We don’t know, because on the occasion of the Request, IPS have chosen
a more philosophical approach. The FOI Team identify about nine types
of reliability. Any reasonable
person would therefore expect the Response to provide about nine different
sets of reliability figures for each of the biometrics (a) and (b).
Instead, no figures are provided. None at all. That is unsatisfactory
and the appeal is made to you to provide those figures. 1.4 In connection with their nine or so different
definitions of reliability, the FOI Team say “generally these give very
different performance figures”. They wouldn’t know that, if they didn’t
have the figures available. Given that they have the figures available,
they should have no trouble giving them to you. 2.1 The FOI Team say “it is not possible to provide
a generic response to your request”. If it is impossible to provide
the figures, then the assumption must be that they do not exist. IPS
would in that case be open to the charge that they are planning to deploy
the expensive and disruptive NIS nationwide without having any idea
whether it will work. That would be unbusinesslike and irresponsible. 2.2 The appeal is made to you to explain how
IPS defend themselves against the charge of unbusinesslike and irresponsible
wishful thinking. 3.1 The FOI Team disagree that the NIS is meant
to ensure that, in the words of the Request, each person is recorded
once and once only on the National Identity Register (NIR). “IPS does
not accept the interpretation you have placed on its wording ...”. 3.2 Attachment B to
this letter lists quotations from two Prime Ministers, three Home Secretaries,
an Executive Director of IPS and three Home Office documents, all of
which suggest that the Request is right about one-for-one correspondence.

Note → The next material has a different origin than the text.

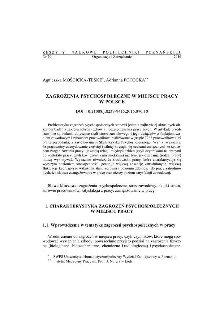 ZESZYTY Nr 70 NAUKOWE POLITECHNIKI Organizacja i Zarządzanie POZNAŃSKIEJ 2016 Agnieszka MOŚCICKA-TESKE*, Adrianna POTOCKA** ZAGROŻENIA PSYCHOSPOŁECZNE W MIEJSCU PRACY W POLSCE DOI: 10.21008/j.0239-9415.2016.070.10 Problematyka zagrożeń psychospołecznych stanowi jeden z najbardziej aktualnych obszarów badań z zakresu ochrony zdrowia i bezpieczeństwa pracujących. W artykule przedstawione są badania dotyczące skali stresu zawodowego i jego związków z funkcjonowaniem zawodowym i zdrowiem pracowników, realizowane w grupie 7263 pracowników z 15 branż gospodarki, z zastosowaniem Skali Ryzyka Psychospołecznego. Wyniki wykazały, że pracownicy zdecydowanie częściej i silniej stresują się cechami związanymi ze sposobem zorganizowania pracy i jakością relacji międzyludzkich (czyli czynnikami należącymi do kontekstu pracy, czyli tzw. czynnikami miękkimi) niż tym, jakie zadania (rodzaj pracy) muszą wykonywać. Wykazano również, że środowisko pracy, które charakteryzuje się wyższym poziomem stresogenności, generuje większą absencję zatrudnionych, większą fluktuację kadr, gorsze wskaźniki stanu zdrowia i poziomu zdolności do pracy zatrudnionych, ich słabsze zaangażowanie w pracę oraz niższy poziom satysfakcji zawodowej. Słowa kluczowe: zagrożenia psychospołeczne, stres zawodowy, skutki stresu, zdrowie pracowników, satysfakcja z pracy, zaangażowanie w pracę 1. CHARAKTERYSTYKA ZAGROŻEŃ PSYCHOSPOŁECZNYCH W MIEJSCU PRACY 1.1. Wprowadzenie w tematykę zagrożeń psychospołecznych w pracy W odniesieniu do zagrożeń w miejscu pracy, czyli czynników, które mogą spowodować wystąpienie szkody, powszechnie przyjęto podział na zagrożenia fizyczne (biologiczne, biomechaniczne, chemiczne i radiologiczne) i psychospołeczne. * ** SWPS Uniwersytet Humanistycznospołeczny Wydział Zamiejscowy w Poznaniu. Instytut Medycyny Pracy im. Prof. J. Nofera w Łodzi. 140 Agnieszka Mościcka-Teske, Adrianna Potocka Kryterium tego podziału stanowi sposób oddziaływania zagrożeń na człowieka. Jeżeli oddziaływanie ma charakter bezpośredni, fizykochemiczny, wówczas mamy do czynienia z zagrożeniami fizycznymi, jeżeli natomiast oddziaływanie ma charakter psychofizjologiczny za pośrednictwem mechanizmów stresu – z zagrożeniami psychospołecznymi. Zagrożenia psychospołeczne w miejscu pracy to inaczej „stresory zawodowe” lub „źródła stresu w pracy”. W 1984 r. Międzynarodowa Organizacja Pracy zdefiniowała zagrożenia psychospołeczne jako rodzaj interakcji zachodzących pomiędzy treścią pracy, organizacją pracy, systemami zarządzania, warunkami a kompetencjami, potrzebami i indywidualnymi właściwościami pracownika. Podejście Międzynarodowej Organizacji Pracy stanowi źródło najbardziej aktualnej i powszechnie akceptowanej definicji psychospołecznych zagrożeń zawodowych, wskazującej, że „psychospołeczne zagrożenia zawodowe to te aspekty organizacji i zarządzania w pracy, wraz z ich kontekstem społecznym i środowiskowym, które potencjalnie mogą powodować szkody psychiczne, społeczne lub fizyczne” (Cox et al., 2000, s. 36). W literaturze naukowej można znaleźć szereg doniesień, które stanowią próbę identyfikacji i porządkowania potencjalnie szkodliwych cech środowiska. Klasyfikacje te oparte są zazwyczaj na modelach teoretycznych stresu lub na bazie danych empirycznych (tzw. list stresorów), przy czym podobnie jak nie przyjmuje się istnienia jednej obowiązującej definicji stresu, tak nie ma również jednego obowiązującego wykazu stresorów zawodowych. Istnieją natomiast próby porządkowania tego rodzaju zagrożeń w pewne grupy, czy też kategorie. Jedną z najważniejszych, z punktu widzenia działań prewencyjnych, kategoryzacją psychospołecznych zagrożeń zawodowych jest podejście proponowane przez Coxa (Cox et al., 2000; 2005), stanowiące równocześnie podstawę dla opublikowanego w 2008 r. ramowego podejścia europejskiego do zarządzania stresem w miejscu pracy (Psychosocial Risk Management European Framework PRIMAEF, 2008). W ujęciu tym autor wskazuje dwie podstawowe grupy psychospołecznych czynników zagrażających: należące do treści pracy i należące do kontekstu pracy. Do pierwszej grupy związanej z treścią pracy, zalicza się takie wymiary jak: środowisko i sprzęt, charakter wykonywanych zadań (treść zadań), obciążenie pracą, tempo pracy oraz czasowe ramy pracy; do drugiej grupy związanej z kontekstem pracy: kulturę i funkcje organizacji, rolę w organizacji, kontrolę (zakres decyzyjności), relacje interpersonalne, oraz relację praca–dom (Cox et al., 2000, 2005; PRIMA-EF, 2008). 1.2. Konsekwencje psychospołecznych zagrożeń w miejscu pracy Zagrożenia psychospołeczne (stresory) stanowią potencjalne źródło stresu, a stres (utrzymujący się w czasie) zazwyczaj prowadzi do szkody (uszczerbku). Szkoda jako skutek działania zagrożeń może mieć charakter fizyczny, psychiczny Zagrożenia psychospołeczne w miejscu pracy w Polsce 141 i społeczny. Można więc wskazać, że skutki narażenia na psychospołeczne zagrożenia zawodowe należy rozpatrywać na trzech poziomach, na których zazwyczaj ujawnia się działanie stresu: fizjologicznym, psychologicznym i behawioralnym (w zachowaniu) (Cox et al., 2000, 2005; Ogińska-Bulik, 2006; Litzke, Schuh, 2007; Scot, 2010; Potocka, 2011). Zmiany fizjologiczne ujawniają się pod wpływem stymulacji aktywności autonomicznego układu nerwowego i układu hormonalnego. Zmiany te można analizować w oparciu o dwie skale czasowe: skutki natychmiastowe i długotrwałe. Te pierwsze to najczęściej skutki krótkotrwałe i zazwyczaj odwracalne, związane ze stanem pobudzenia podczas reakcji na stres. Skutki długotrwałe mogą obejmować stresozależne powikłania chorobowe (choroby stresozależne) i odnosić się tak samo do zdrowia psychicznego jak i fizycznego. Konsekwencje na poziomie psychiki obejmują

If, after all, the FOI Team are right, the appeal is made to you to
confirm that all these politicians and civil servants are wrong, and
that they have been misleading the public for as much as seven years. 4.1 Does using biometrics provide a significant
improvement compared with “conventional methods”? Yes it does, according
to the FOI Team, as demonstrated by “its successful deployment for visa
applicants and Identity Cards for Foreign Nationals”. 4.2 About three million biometric visas have
been applied for, tens of thousands have been issued by UKBA, and about
3,500 cases of attempted “identity
fraud” have been detected. 4.3 UKBA are to be congratulated on those 3,500
cases of detection. The question remains, how were these successes achieved?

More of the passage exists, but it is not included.